── DATA SHOWN
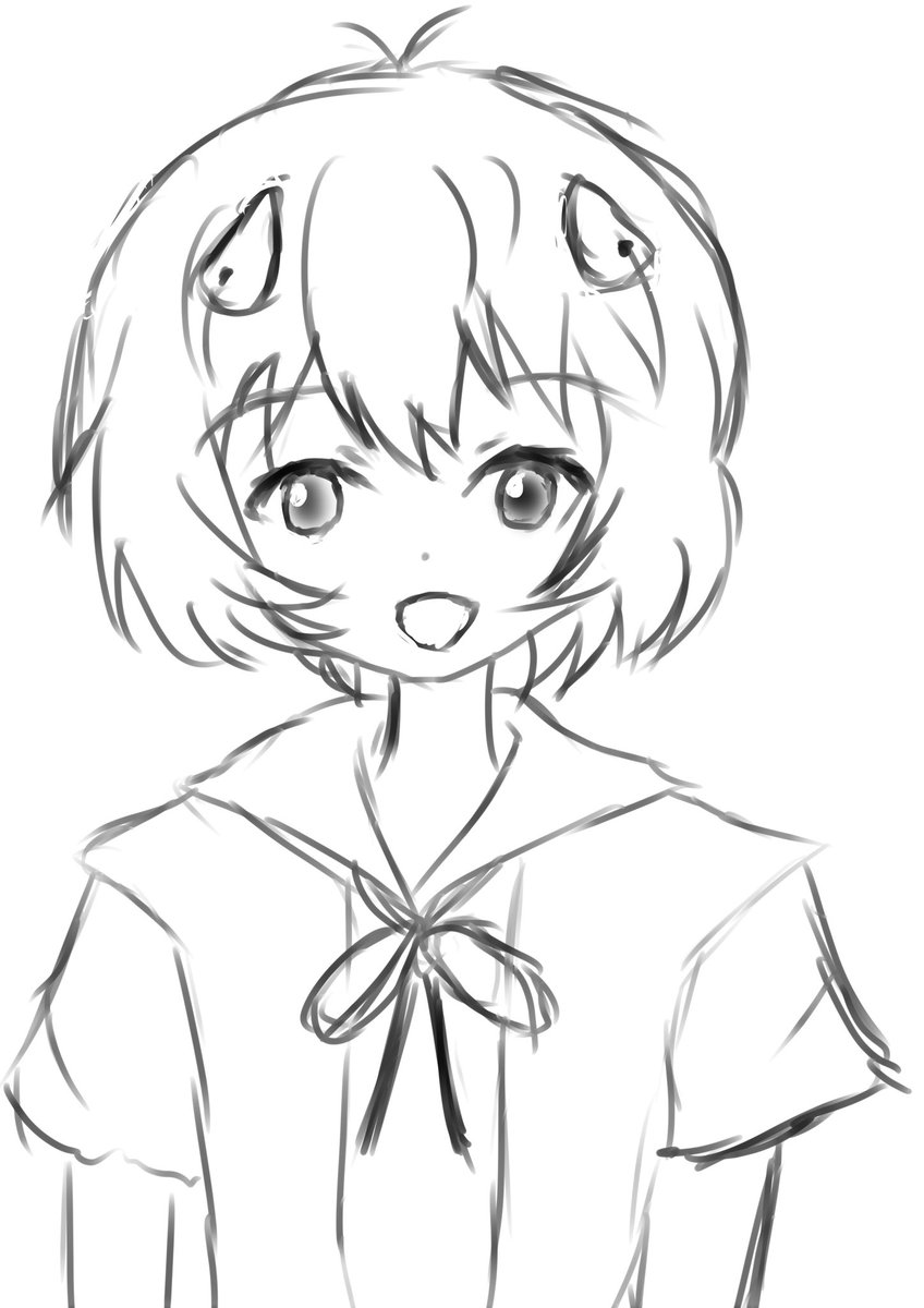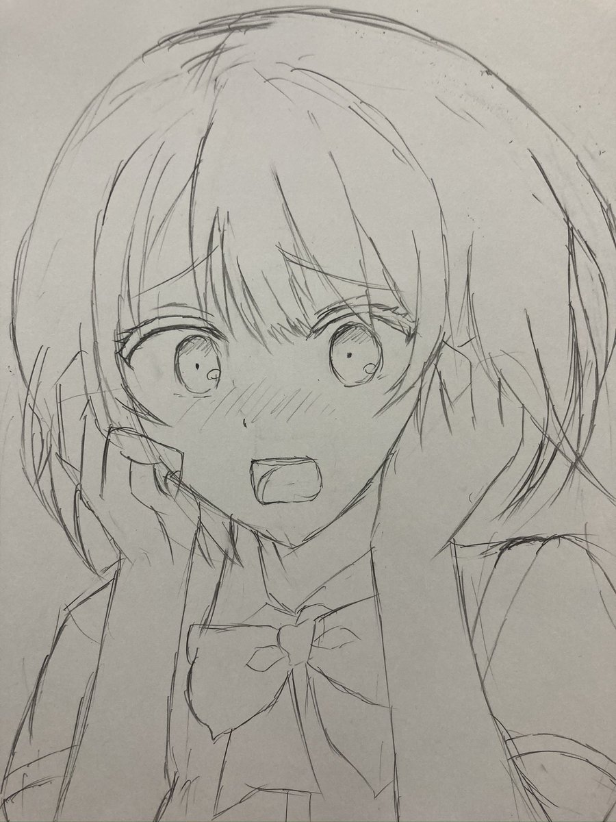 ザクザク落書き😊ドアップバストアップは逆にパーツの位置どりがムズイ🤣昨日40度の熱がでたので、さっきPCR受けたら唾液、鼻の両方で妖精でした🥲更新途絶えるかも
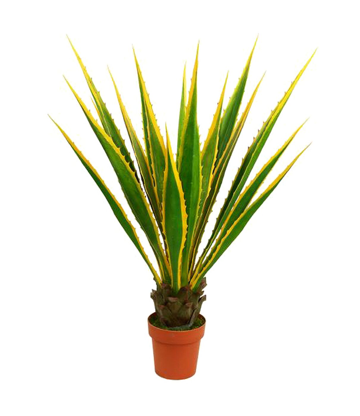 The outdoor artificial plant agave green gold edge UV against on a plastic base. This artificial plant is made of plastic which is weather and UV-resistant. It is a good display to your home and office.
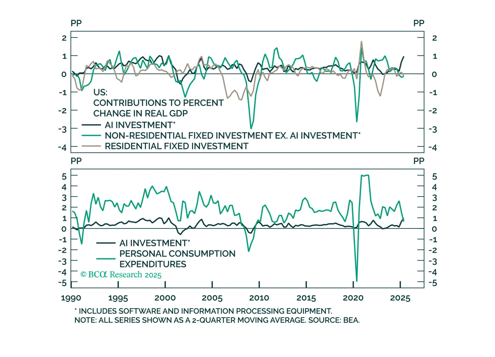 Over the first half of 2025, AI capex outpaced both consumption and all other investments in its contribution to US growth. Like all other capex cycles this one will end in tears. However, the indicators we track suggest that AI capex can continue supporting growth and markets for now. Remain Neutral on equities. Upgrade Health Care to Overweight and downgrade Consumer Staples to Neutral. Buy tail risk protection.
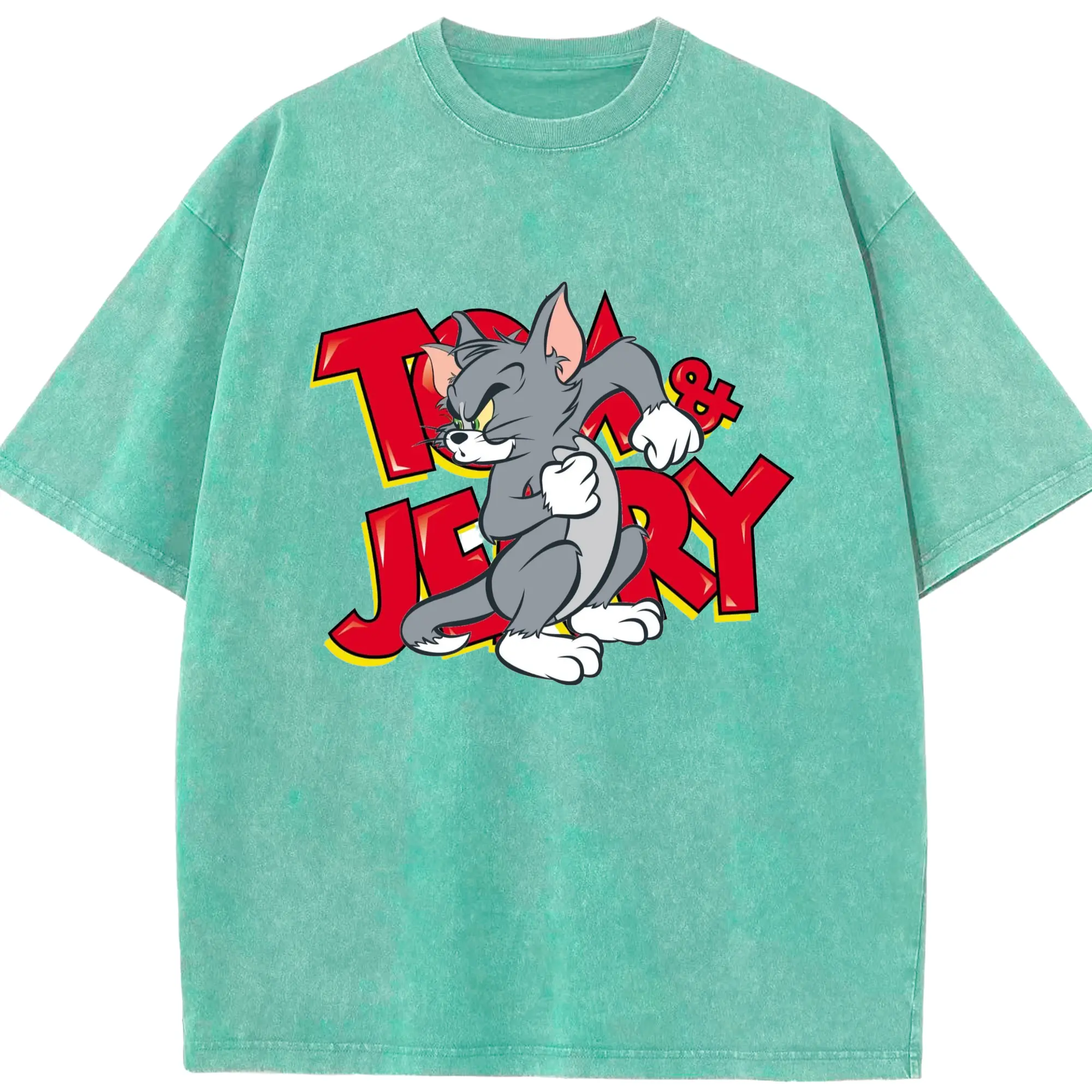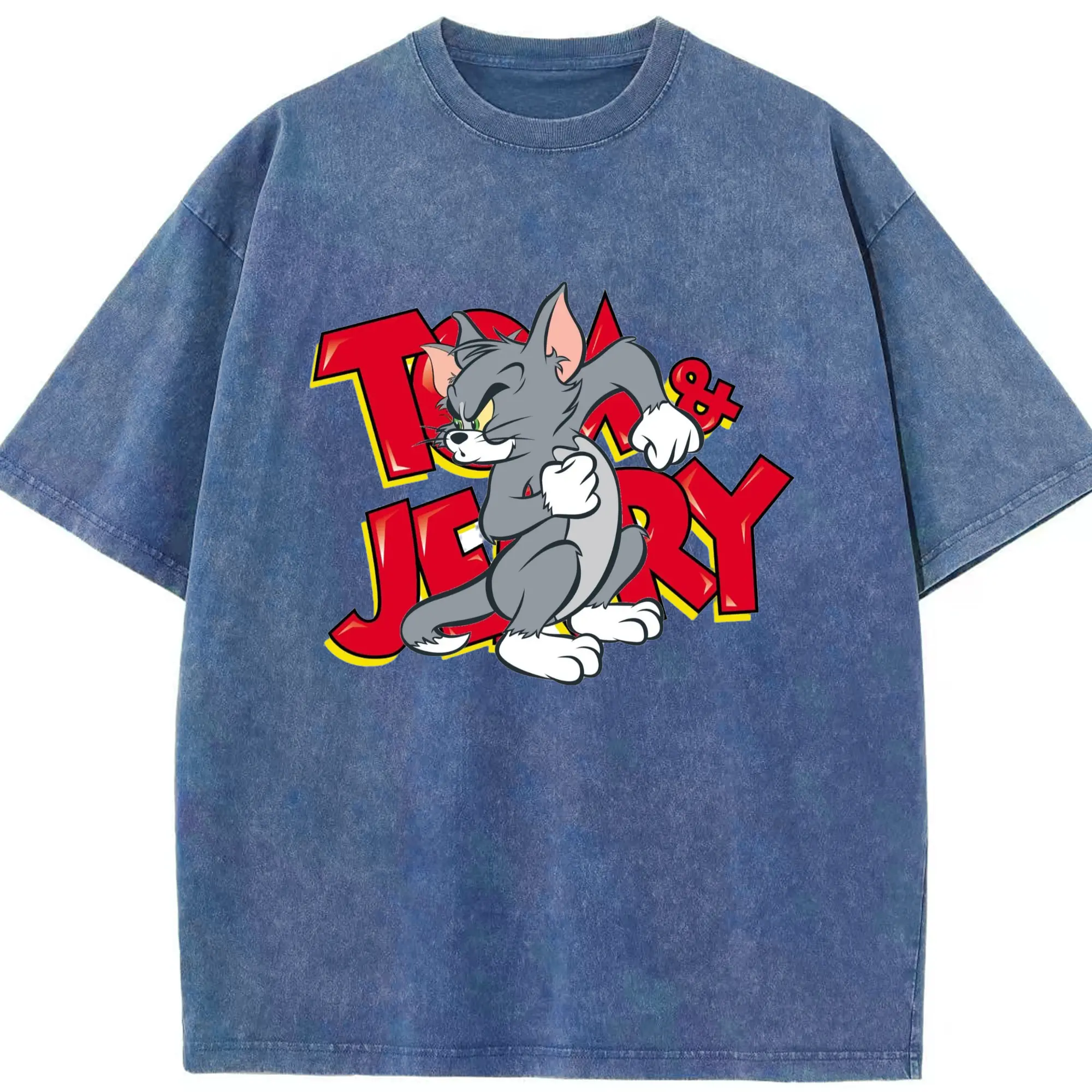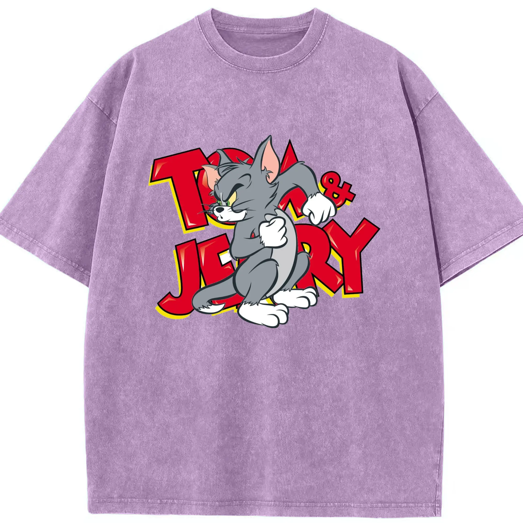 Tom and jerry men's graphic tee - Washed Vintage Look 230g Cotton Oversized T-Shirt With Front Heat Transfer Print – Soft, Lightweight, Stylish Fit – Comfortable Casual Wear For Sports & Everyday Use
────
[WHAT YOU SHOULD DO]
Your copy of the listing should match it exactly, apart from the pictures, which are left out.

[OUTPUT OF THE EXERCISE]
 ザクザク落書き😊ドアップバストアップは逆にパーツの位置どりがムズイ🤣昨日40度の熱がでたので、さっきPCR受けたら唾液、鼻の両方で妖精でした🥲更新途絶えるかも
 The outdoor artificial plant agave green gold edge UV against on a plastic base. This artificial plant is made of plastic which is weather and UV-resistant. It is a good display to your home and office.
 Over the first half of 2025, AI capex outpaced both consumption and all other investments in its contribution to US growth. Like all other capex cycles this one will end in tears. However, the indicators we track suggest that AI capex can continue supporting growth and markets for now. Remain Neutral on equities. Upgrade Health Care to Overweight and downgrade Consumer Staples to Neutral. Buy tail risk protection.
 Tom and jerry men's graphic tee - Washed Vintage Look 230g Cotton Oversized T-Shirt With Front Heat Transfer Print – Soft, Lightweight, Stylish Fit – Comfortable Casual Wear For Sports & Everyday Use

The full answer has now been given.